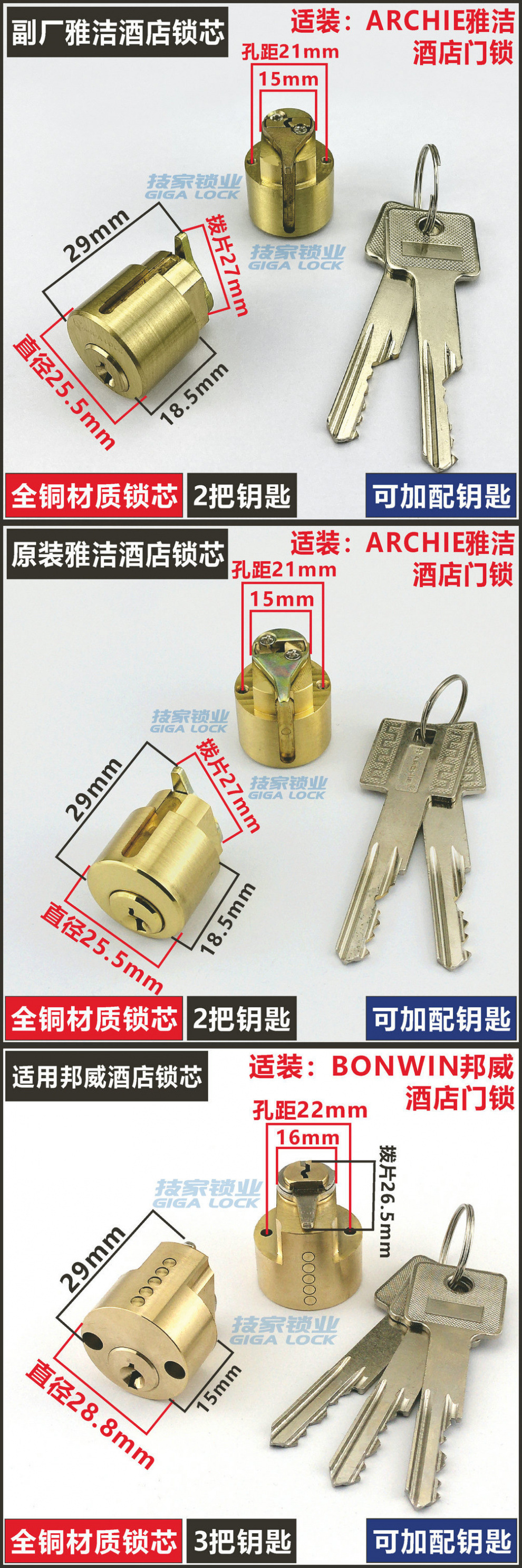 • 오리지널 Chuangjia 4홀 호텔 잠금 실린더-35-50mm-범용 유형-키 포함
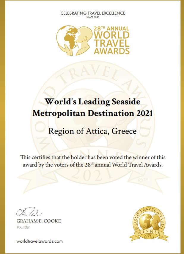 Kορυφαίος Μητροπολιτικός Παραθαλάσσιος Προορισμός για το 2021 αναδείχθηκε η Αττική, καθώς κατέκτησε την πρώτη θέση παγκοσμίως στην κατηγορία «World’s Leading Seaside Metropolitan Destination», των World Travel Awards.
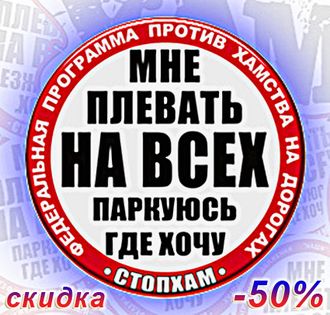 Стикер "СтопХам - мне плевать на всех, паркуюсь где хочу!" - один из безобидных способов позволяющий повлиять на хама, указать ему, на то, что он должен уважать других людей. Но помните, что любой автомобиль - это частная собственность и к тому-же дорогая собственность, поэтому про механические или химические повреждения машине хама забудьте - используйте наклейку "стопхама".
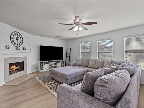 Sitting on a quiet cul-de-sac lot this gorgeous 3 bedroom, 2.5 bathroom home has been freshly painted and features luxury vinyl plank flooring throughout the ENTIRE HOME! There is a large formal dining room just off the two story entry with amazing natural lighting. Spacious yet cozy living area with gas fireplace that leads into a large kitchen with granite countertops, gas range, informal dining space and tons of cabinets for storage. Both the primary suite and secondary suites are located on the 2nd floor with additional game room/second living area. You're going to love this large backyard with covered patio! HVAC is 2020, low HOA fees and very low 2.4% tax rate. No flood insurance required, Zone X! Close to good schools, restaurants, shopping and only minutes from I-45.
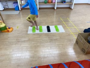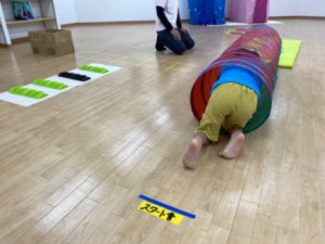 マットでどんぐりのようになって転がったり、好きな自由演技でマットの道を進んで、、、

Prompt.
Every entry above is to be copied verbatim, with the pictures removed.

Task response.
 • 오리지널 Chuangjia 4홀 호텔 잠금 실린더-35-50mm-범용 유형-키 포함
 Kορυφαίος Μητροπολιτικός Παραθαλάσσιος Προορισμός για το 2021 αναδείχθηκε η Αττική, καθώς κατέκτησε την πρώτη θέση παγκοσμίως στην κατηγορία «World’s Leading Seaside Metropolitan Destination», των World Travel Awards.
 Стикер "СтопХам - мне плевать на всех, паркуюсь где хочу!" - один из безобидных способов позволяющий повлиять на хама, указать ему, на то, что он должен уважать других людей. Но помните, что любой автомобиль - это частная собственность и к тому-же дорогая собственность, поэтому про механические или химические повреждения машине хама забудьте - используйте наклейку "стопхама".
 Sitting on a quiet cul-de-sac lot this gorgeous 3 bedroom, 2.5 bathroom home has been freshly painted and features luxury vinyl plank flooring throughout the ENTIRE HOME! There is a large formal dining room just off the two story entry with amazing natural lighting. Spacious yet cozy living area with gas fireplace that leads into a large kitchen with granite countertops, gas range, informal dining space and tons of cabinets for storage. Both the primary suite and secondary suites are located on the 2nd floor with additional game room/second living area. You're going to love this large backyard with covered patio! HVAC is 2020, low HOA fees and very low 2.4% tax rate. No flood insurance required, Zone X! Close to good schools, restaurants, shopping and only minutes from I-45.
 マットでどんぐりのようになって転がったり、好きな自由演技でマットの道を進んで、、、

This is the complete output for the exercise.